(Records contained in a dataset)
⁂
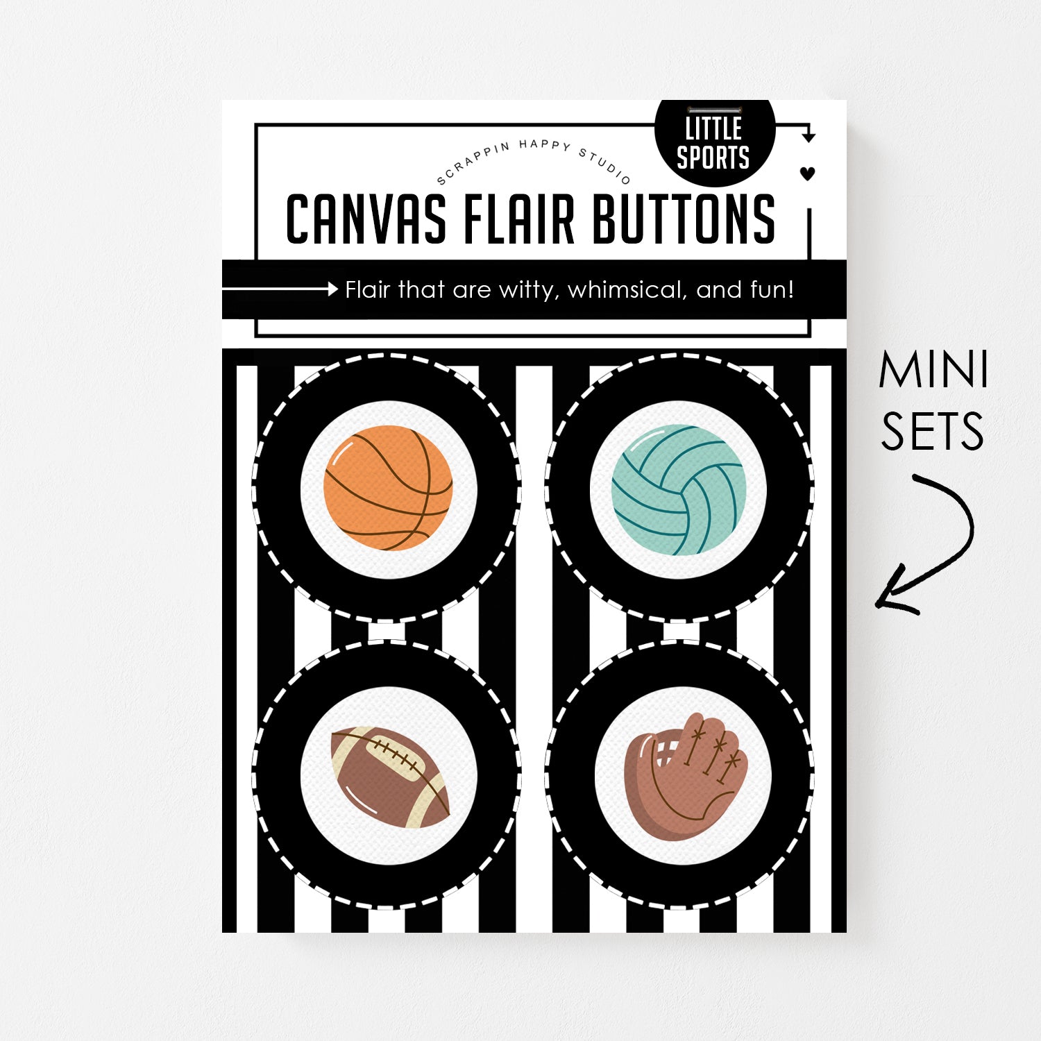 Set of (4) 1" canvas flair, comes attached to a backing card.
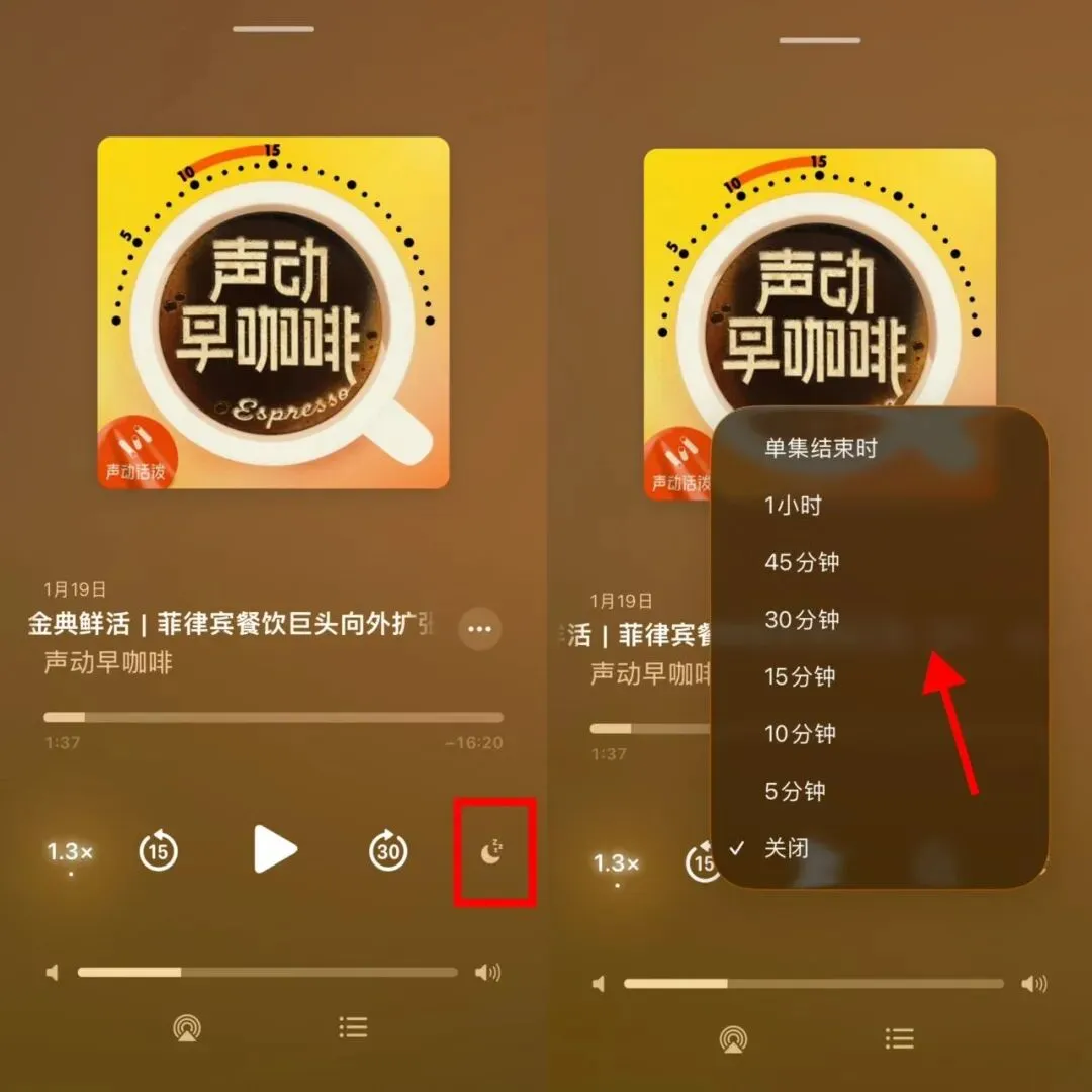 睡觉前只是单纯想听听,就可以设置单集的结束时间,点下方的「睡眠」小图标,就可以设置结束时间。
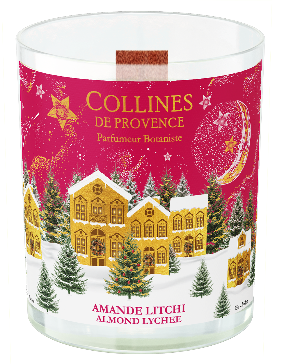 Genießen Sie eine festliche Weihnachtsatmosphäre mit der Duftkerze Mandel-Litschi von Collines!
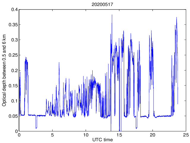 Dobowy przebieg grubości optycznej pomiędzy wysokością 0.5 a 6 km dla długosci fali 1064 nm
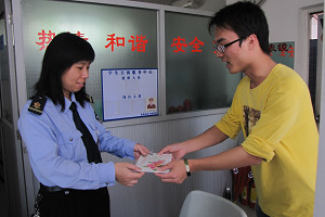 同学们将祝福带到学生公寓中心和保卫处
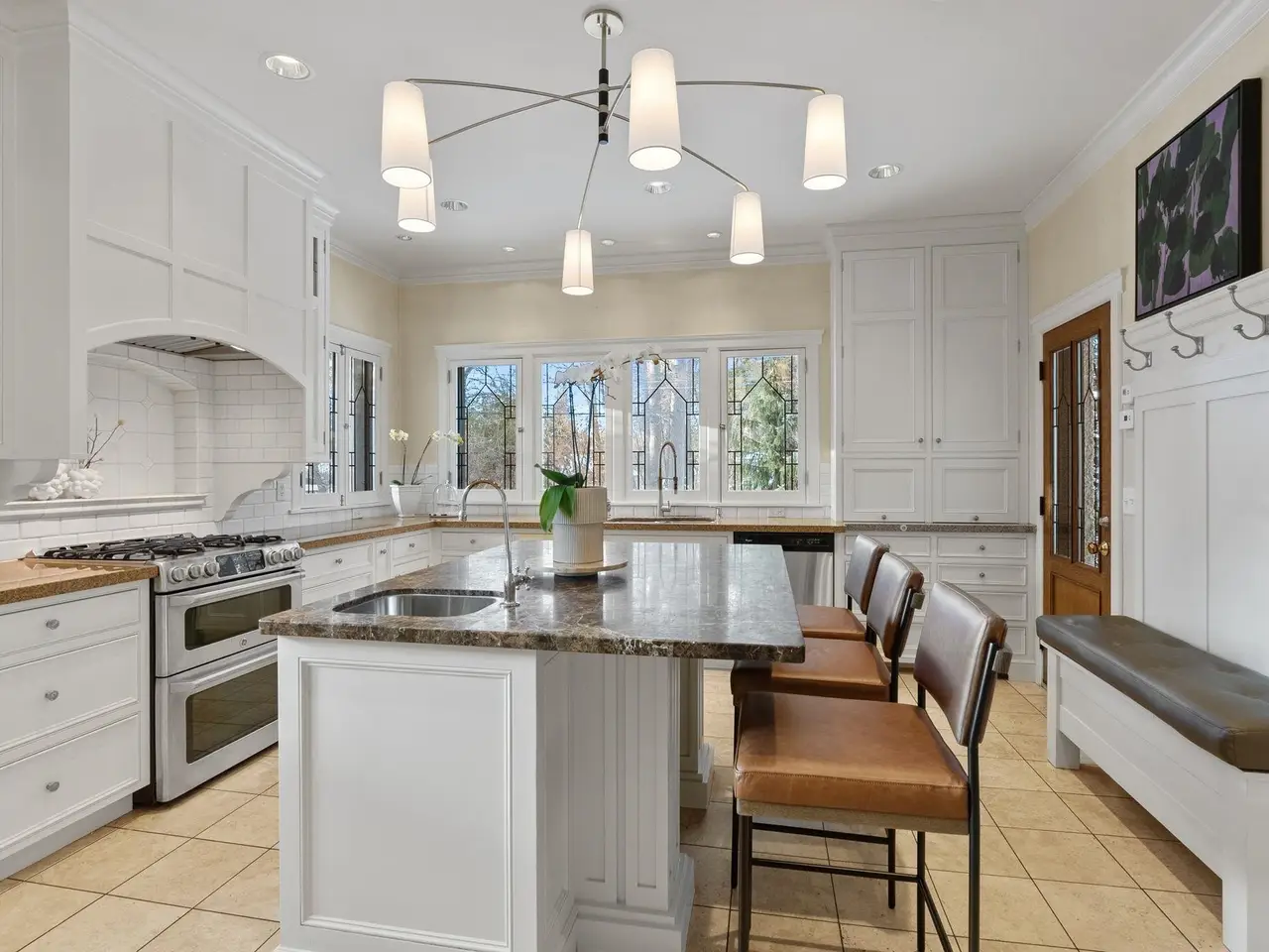 When it comes to location, this home has it, in the most coveted area of Rockwood/Hutton School. With luxury home architecture, this home is far from cookie-cutter & this home's uniqueness adds to the property value in spades. The manicured yard w/2 half circle driveways. The gorgeous entry, hand carved wood staircase, extensive molding, high ceilings & leaded glass windows. The woodwork in this house is art in of itself. Large den leads you into the living area through solid wood pocket doors. Living Room w/marble fireplace, custom drapery, wood floors & dental molding. The heart of the home, the Chef's kitchen w/high end appliances, granite & stone floors, adjoins the dining & family room. Outside is your backyard oasis, south facing paradise w/stretched patio. 2 staircases. Light & bright upstairs, w/wide halls & 5 huge bedrooms & 2 baths, Primary has en-suite bath w/walk-in closet. Basement has storage, rec room, updated laundry & bathroom with new floor, paint & light fixtures. This home is one of a kind!
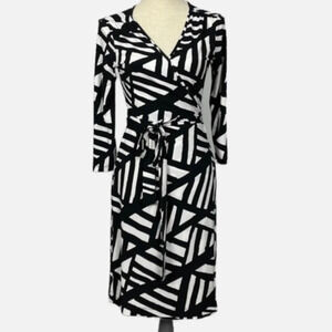 Banana Republic Factory Wrap Midi dress Size XS Black & White Geometric print
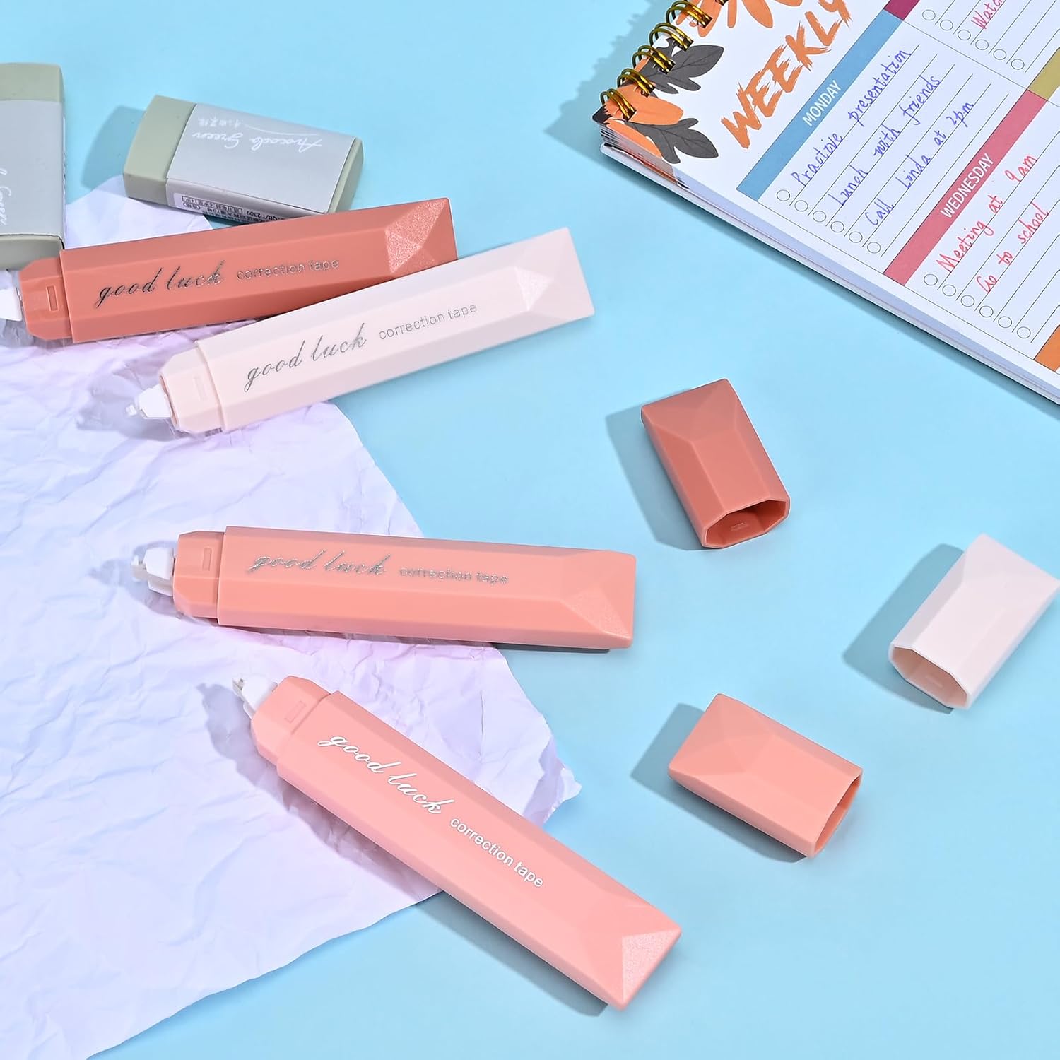 - Versatile Applications: These cute white correction out tapes can apply to gel pens, marker pens, ballpoint pens, pens, etc. They are well served as school supplies and office supplies. The gradient color makes it a great present for your family and friends
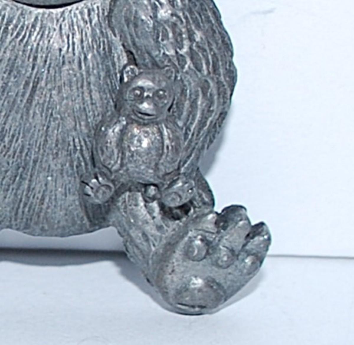 Gray Metal "Mama & Baby Bear" BROOCH (1½" x 1¼") with Detachable Baby on a Silver Tone Setting
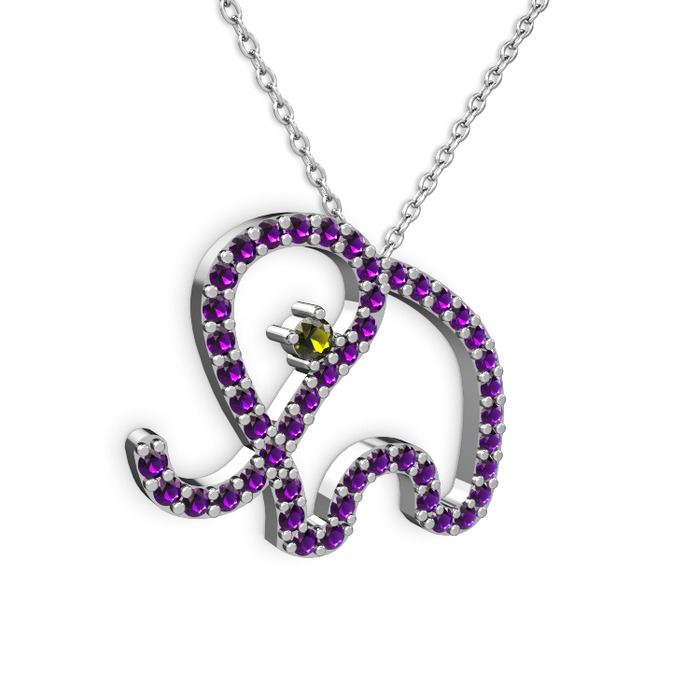 Ametist ve peridot 18 ayar beyaz altın kolye (40 cm beyaz altın rolo zincir)
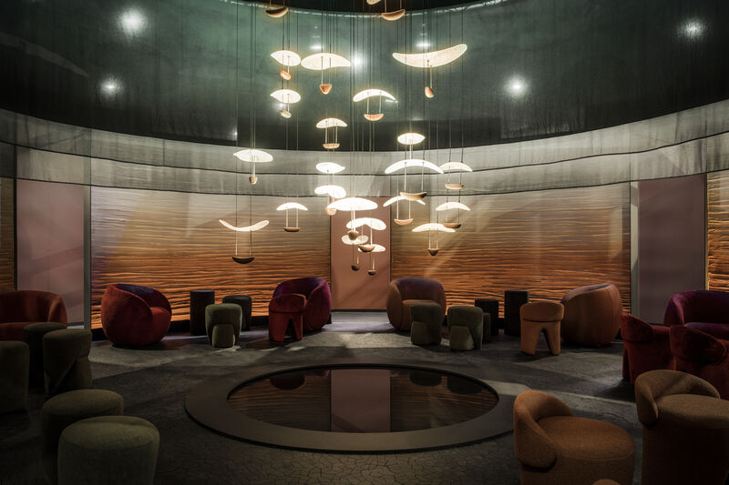 Flos Bespoke realized a stunning series of suspended lamps in glass for Raphaël Navot’s immersive installation The Apothem Lounge. Flos also provided a mix of decorative lights for the scenography of the VIP lounge “Le Club” at the entrance of Hall 7 M&O.
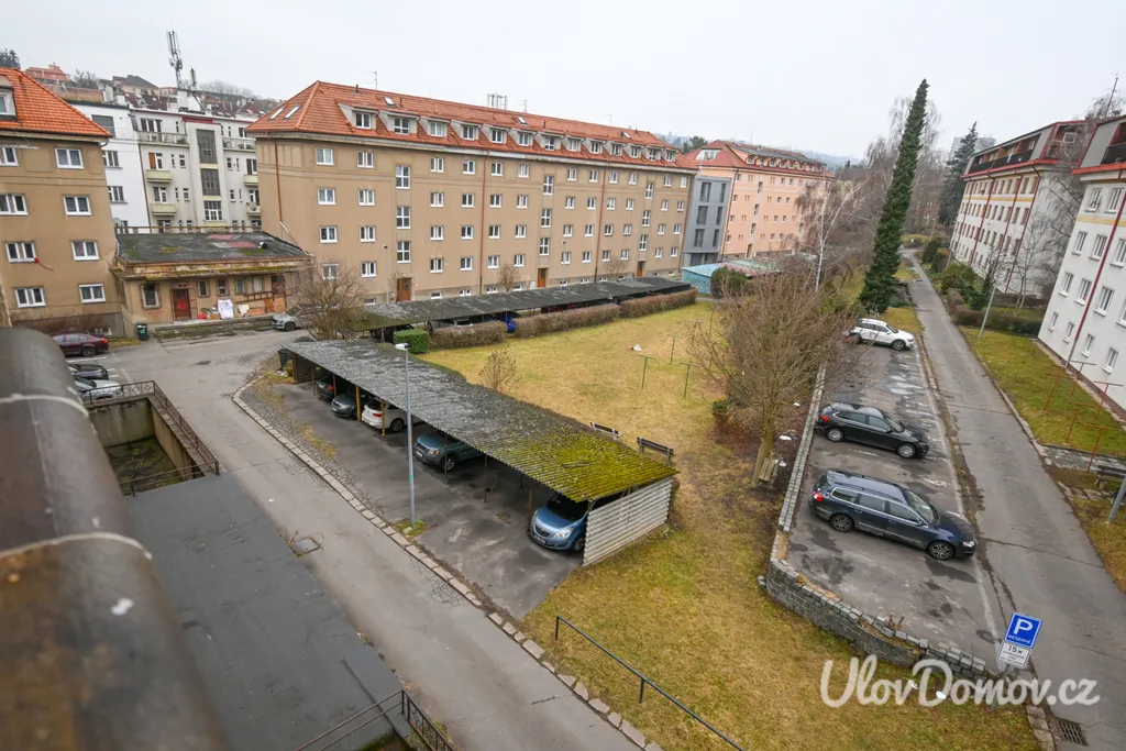Aktuálně má majitel bytu pronajato parkovací stání s přístřeškem od městské části Praha 6, které se nachází přímo za domem.
⁂
▸ **Exercise objective**:
Write every line of the data out again exactly, leaving out all images.

▸ **Worked solution**:
 Set of (4) 1" canvas flair, comes attached to a backing card.
 睡觉前只是单纯想听听,就可以设置单集的结束时间,点下方的「睡眠」小图标,就可以设置结束时间。
 Genießen Sie eine festliche Weihnachtsatmosphäre mit der Duftkerze Mandel-Litschi von Collines!
 Dobowy przebieg grubości optycznej pomiędzy wysokością 0.5 a 6 km dla długosci fali 1064 nm
 同学们将祝福带到学生公寓中心和保卫处
 When it comes to location, this home has it, in the most coveted area of Rockwood/Hutton School. With luxury home architecture, this home is far from cookie-cutter & this home's uniqueness adds to the property value in spades. The manicured yard w/2 half circle driveways. The gorgeous entry, hand carved wood staircase, extensive molding, high ceilings & leaded glass windows. The woodwork in this house is art in of itself. Large den leads you into the living area through solid wood pocket doors. Living Room w/marble fireplace, custom drapery, wood floors & dental molding. The heart of the home, the Chef's kitchen w/high end appliances, granite & stone floors, adjoins the dining & family room. Outside is your backyard oasis, south facing paradise w/stretched patio. 2 staircases. Light & bright upstairs, w/wide halls & 5 huge bedrooms & 2 baths, Primary has en-suite bath w/walk-in closet. Basement has storage, rec room, updated laundry & bathroom with new floor, paint & light fixtures. This home is one of a kind!
 Banana Republic Factory Wrap Midi dress Size XS Black & White Geometric print
 - Versatile Applications: These cute white correction out tapes can apply to gel pens, marker pens, ballpoint pens, pens, etc. They are well served as school supplies and office supplies. The gradient color makes it a great present for your family and friends
 Gray Metal "Mama & Baby Bear" BROOCH (1½" x 1¼") with Detachable Baby on a Silver Tone Setting
 Ametist ve peridot 18 ayar beyaz altın kolye (40 cm beyaz altın rolo zincir)
 Flos Bespoke realized a stunning series of suspended lamps in glass for Raphaël Navot’s immersive installation The Apothem Lounge. Flos also provided a mix of decorative lights for the scenography of the VIP lounge “Le Club” at the entrance of Hall 7 M&O.
Aktuálně má majitel bytu pronajato parkovací stání s přístřeškem od městské části Praha 6, které se nachází přímo za domem.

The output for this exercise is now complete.